Once at the loser gate, things begin to look up. My plane was there, I had an exit seat, and we pushed back from the gate a few moments early so US Air could record an on-time departure. Once pushed back however, we spent 90 minutes on the tarmac due to some unknown reason.

I eventually arrived in Erie, PA glad to be on the ground and looking forward to fresh clothes. Standing like a lost child at the luggage belt, I watched as my fellow fliers retrieved their bags, until I was alone in the small baggage claim area and the conveyor eventually grated to a stop. As expected and feared, by friend and fellow traveller who had already survived two lost luggage incidents was back on the MIA list.

I filed a claim with the US Air agent on duty, who told me I should have demanded my luggage back in Philly, and that PHL was a “black hole” for lost baggage. Thanks for the comforting thoughts, pal. He said it would likely be on the next flight, which arrived at 6PM, two hours after I was supposed to be on the road blazing a trail towards Charlotte in a rented moving truck.

I met my aunt, picked up the truck, and noticed that fine aged cheese and I now had more than our humor in common: I was beginning to smell a bit ripe. Borrowing my aunt’s car, I made a beeline towards my favorite store for cheap clothes: Kohl’s. I got a funny look from the counter girl, standing in my cuff link-adorned Thomas Pink shirt, custom tailored pants and shoes, smelling bad, looking frustrated and depositing an odd collection of replacement clothes on the counter. Since I had to load the truck that afternoon, and fulfilling a long-suppressed desire for the “militant college-football hiker” look, I had selected some cammo shorts, hiking shoes, and a Texas Longhorn’s T-shirt. I’m not much of a college football fan, but apparently Texas paraphernalia is not a big mover in Erie, PA, since the shirt was less than ten bucks.

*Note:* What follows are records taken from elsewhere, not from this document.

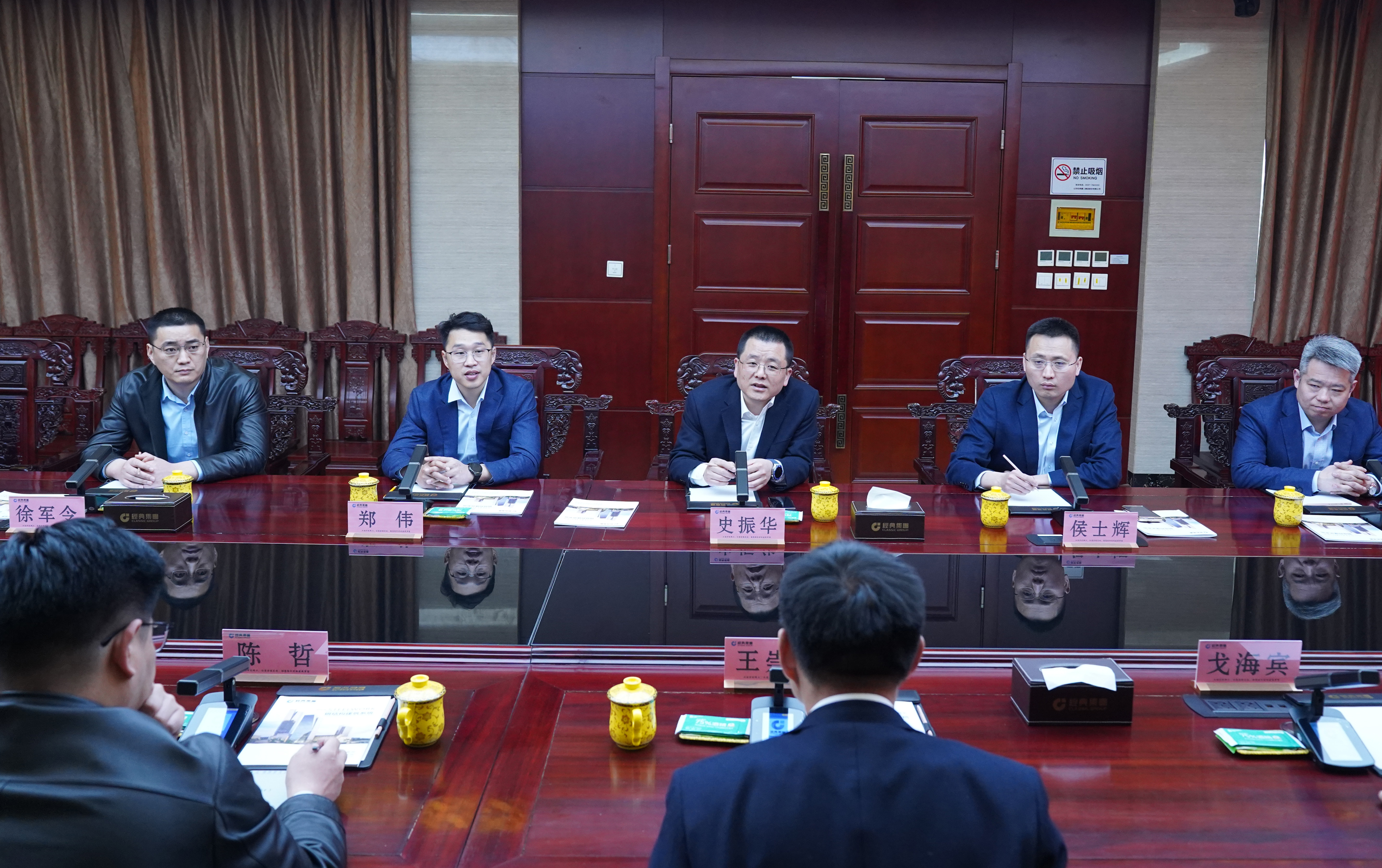 3月22日上午,濟寧能源發(fā)展集團有限公司黨委副書記、總經(jīng)理王崇景,山東融匯物產(chǎn)集團黨委書記、董事長陳哲,金橋煤礦黨委書記、礦長戈海賓,山東融匯物產(chǎn)集團副總經(jīng)理、山東京杭智慧新鋼投資運營公司董事長陳瑞亮等一行到經(jīng)典集團考察洽談合作。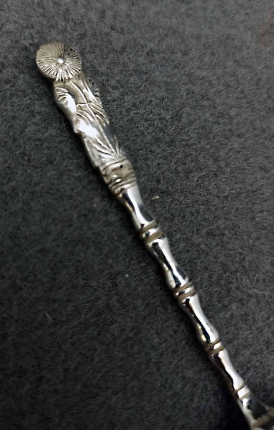 6x Espressolöffel mit asiatischer Figur am Griff. Silber 900 er. L. 10 cm,  Gew. 76 g. Sehr guter Zustand.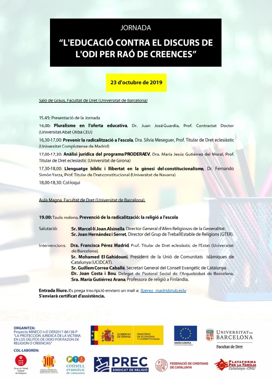 L’objectiu d’aquesta Jornada, és plantejar des de la perspectiva del Dret i de les diferents comunitats religioses, com combatre amb l’educació el discurs de l’odi per raó de creences.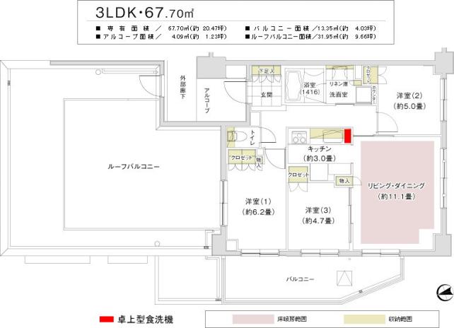 その為、下記の間取り図の赤色の場所に卓上型食洗機を置いてますが違和感が無いのです。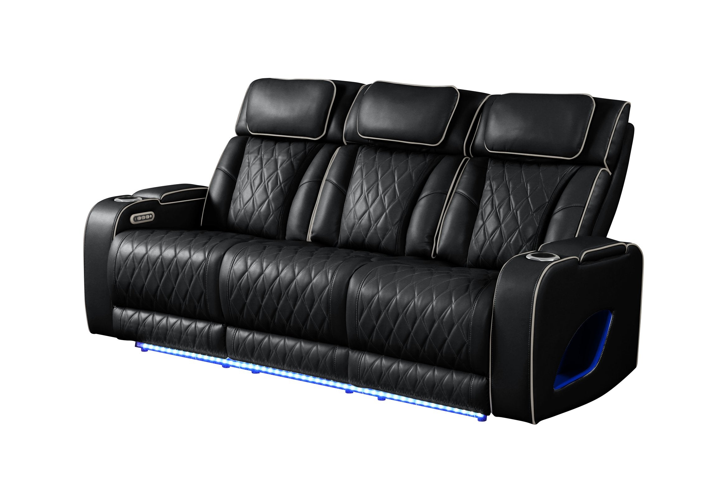 Transform your living room into a modern relaxation retreat with this 2-piece Fortuner reclining set. Upholstered in durable, high-performance faux leather and accented with diamond-pattern stitching, the set combines contemporary style with advanced comfort features — including power reclining, massage, LED lighting, and integrated tech — for a premium home-theater experience.
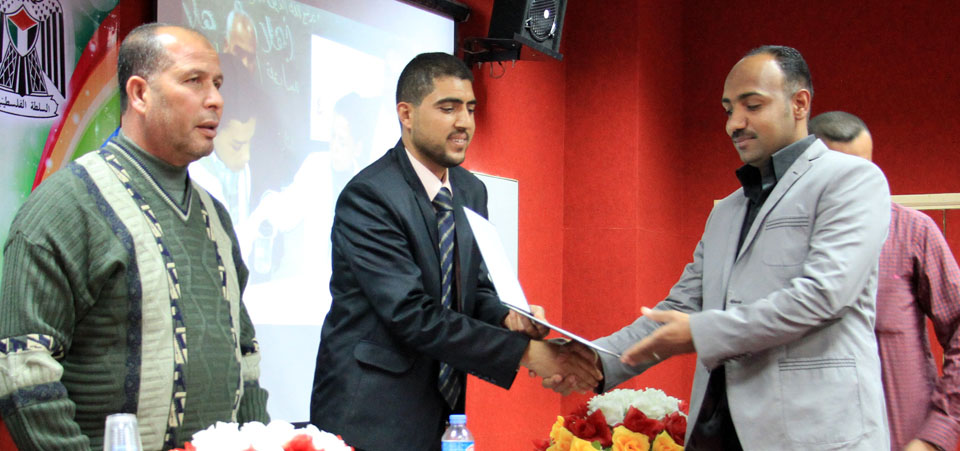 أ. محمد إنشاصي مشرف المختبرات العلمية بالمديرية، أ. حسين أبو شمالة مدير الدائرة الإدارية،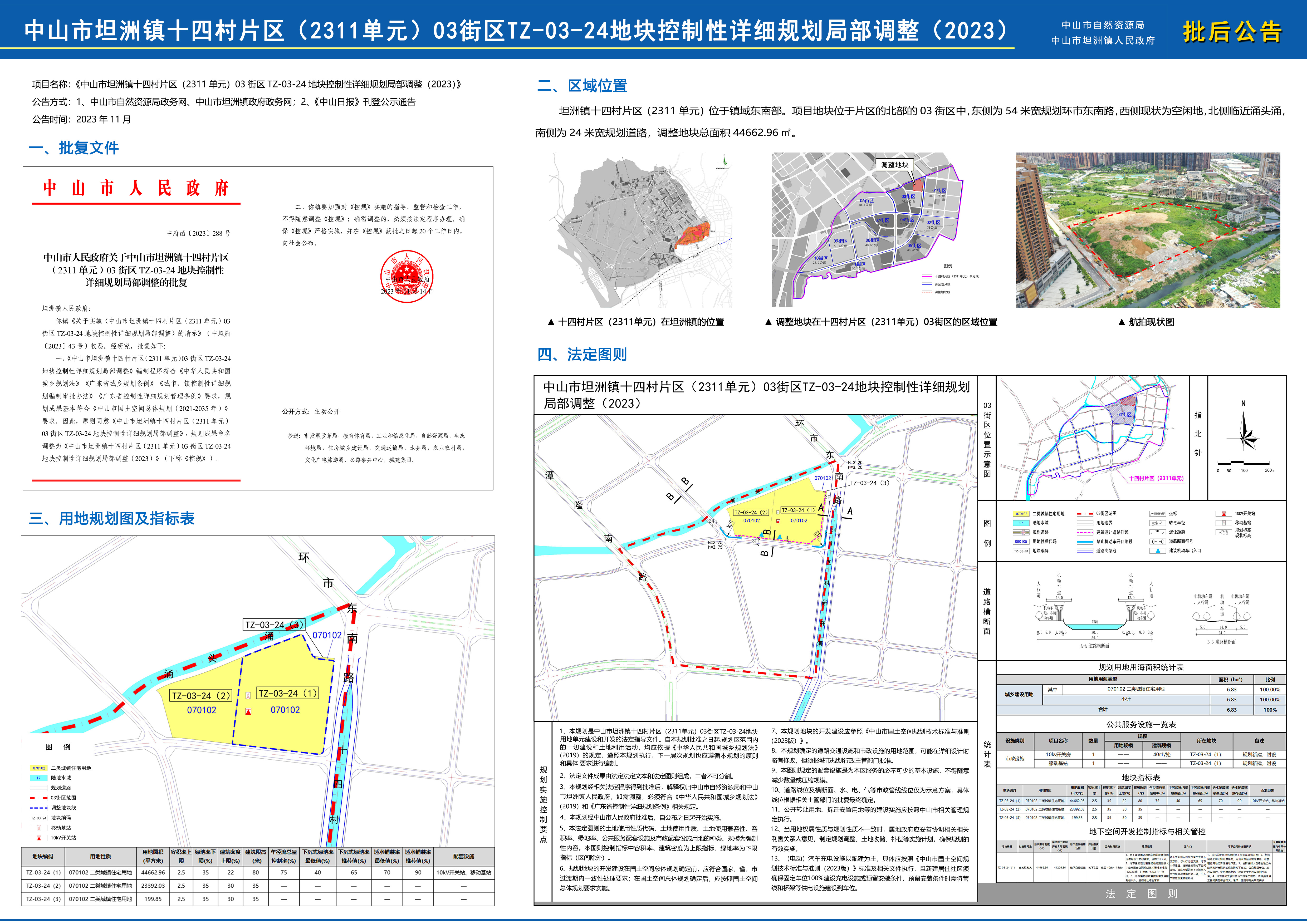 附件:《中山市坦洲镇十四村片区(2311单元)03街区TZ-03-24地块控制性详细规划局部调整(2023)》批后公告

I returned to my aunt’s house, changed and headed to my grandfather’s to load up the truck, the original intent of the trip. All missions accomplished, and now funkier than James Brown in his prime, I bid Erie adieu and pointed my truck south.

About two hours outside Erie I got a cal from the Erie airport. They had found my bag! Not wanting to add an additional four hours to my trip, they said they would send it to Charlotte and I would have it the next day. Tearing down the highway (if doing 55 in a rented moving truck that shook violently about 57mph can be described as tearing) it seemed my ordeal was nearing it’s end.